* **Given material**:

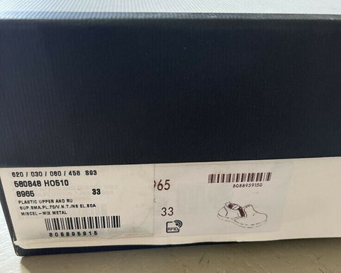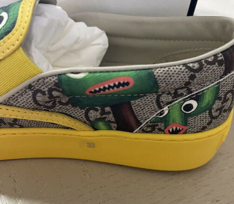 NIB Gucci Kids GG Monogram Leather/Canvas Sneakers Green/Cray 33/2US Age 7
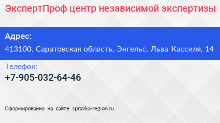 ЭкспертПроф, центр независимой экспертизы по адресу 413100, Саратовская область, Энгельс, Льва Кассиля, 14 в дальнейшем Организация, размещена в следующих категориях:
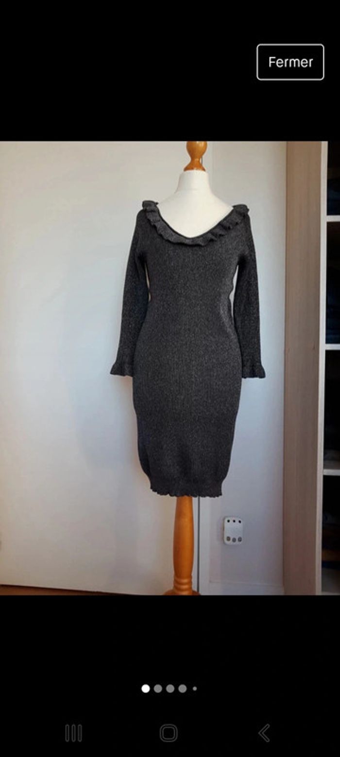 Robe en maille cotelé noire à effet brillant argenté t 36
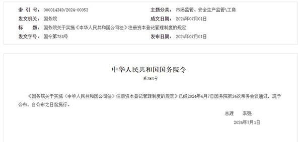 2024年7月1日,国务院总理李强签署国务院令,公布《国务院关于实施〈中华人民共和国公司法〉注册资本登记管理制度的规定》,自公布之日起施行。

* **Exercise brief**: The required output is an exact copy of the lines from the start of the material above through the line containing "ЭкспертПроф, центр независимой", inclusive, with no pictures in it.

* **Answer section**:
 NIB Gucci Kids GG Monogram Leather/Canvas Sneakers Green/Cray 33/2US Age 7
 ЭкспертПроф, центр независимой экспертизы по адресу 413100, Саратовская область, Энгельс, Льва Кассиля, 14 в дальнейшем Организация, размещена в следующих категориях:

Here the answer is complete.